Solar panels usually produce between 250 and 400 watts of power. Sunpower’s panels rate 380-400 kw per year. There are variables based on your roof orientation, shading and hours of sun (time of the year). Our system for our ADU is designed to provide 3,157 kW per year with our estimated usage of 3,684. This covers 86% of the projected use.
Batteries: We looked at two batteries. The Tesla Power Wall limits you to four 20A circuits and then you buy another Power Wall if you need to expand. It is our understanding that the Power Wall requires recharging when it is down to 30% capacity, and we wanted one that will drain down farther in an emergency outage. (We live in earthquake country, after all.) The SunPower SunVault system has a single battery that handles all eight of our ADU’s 20A circuits in power outages. We are still learning the system, but we expect to be able to set our power preferences to apply the solar power and battery to engage during peak billing times so that we will be “off-the-grid” when power is most expensive.
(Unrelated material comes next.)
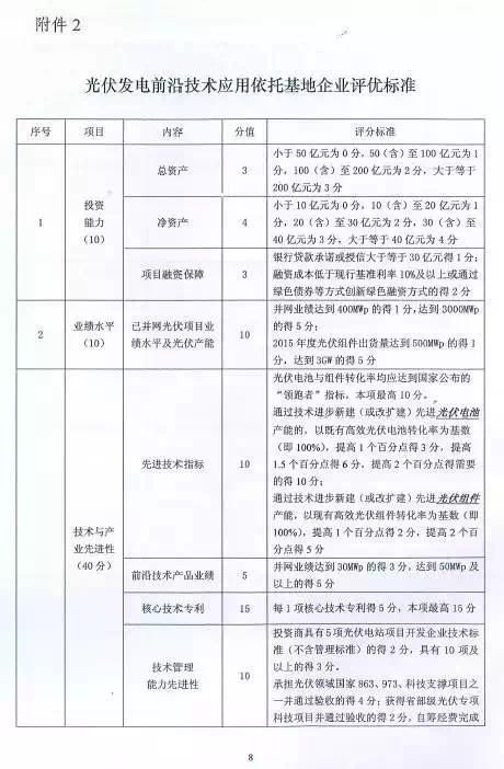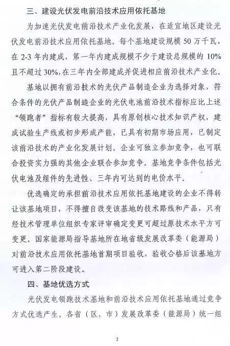 相比此前業(yè)界盛傳的“領跑者升級版”計劃,通知提出的“光伏發(fā)電前沿技術應用依托基地”明顯縮水,每個基地建設規(guī)模確定為500M瓦(此前傳說每個基地至少1GW),基地在2-3年內建成,第一年內建成規(guī)模不少于建設總規(guī)模的10%且不超過30%,在三年內全部建成并促進相應前沿技術產業(yè)化。
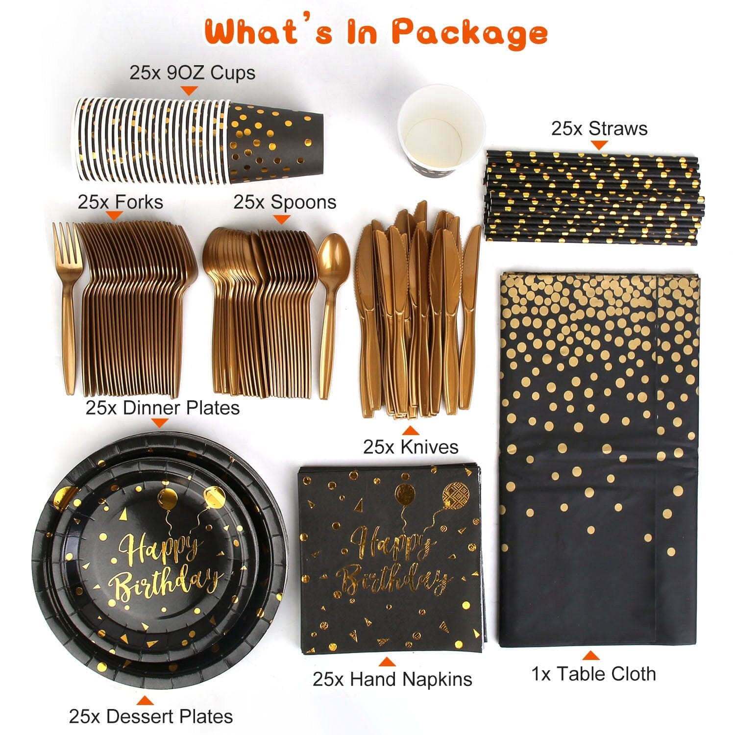 - Serves 25 Guests: Our birthday party tableware set includes 1 tablecloth for table protection, 25 dinner plates for vegetables, fruits, and meals, 25 dessert plates for cakes, cookies, and pies, 25 9 oz cups with straws for juice and wine, 25 forks, spoons, and knives for cutting and eating, along with 25 napkins for wiping mouths and hands after the meal. A total of 201 pieces to cater to 25 guests at once, fulfilling all the needs of the birthday feast.

The solar battery installed at our ADU.
Timing: Plan ahead and order as soon as you can in the construction process. The solar company will do their own drawings and apply for their own building permit, separate from the permit for the ADU construction. This takes a long time! They also will set up their own inspections with the Town/City Building Department. We signed the contract with the solar company on January 21st and they are finishing up the final installation steps on July 27th.
Construction: Try to get the solar company installer to work with the ADU electrician subcontractor to make the installation smoother. (Remember, they always think retrofit, so explanations by the electrician may help.)
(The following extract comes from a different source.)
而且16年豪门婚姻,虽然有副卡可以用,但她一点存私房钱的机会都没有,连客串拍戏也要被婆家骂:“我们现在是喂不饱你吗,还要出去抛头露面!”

Permitting: We found out that the Fire Department now requires an emergency shut-off for the solar system in the event of a fire so that emergency personnel can turn off all the power. The solar company was not aware of that. It also requires special signage at the home battery. This signage is to alert first responders that there is a solar system and battery that will still have an electrical current even with the main switch shut off. This emergency shut off switch requirement does change from area to area, but it is a great idea to have one installed.
As you can see, the most important lesson from this experience is that if you are doing new construction you need to do some homework with your architect and your solar energy supplier to right-size the system for your actual projected energy use. (And try to stop them from looking at the PG&E bills from a different house!!!)
Thanks for reading, and as always, we are Designing for Your Reality.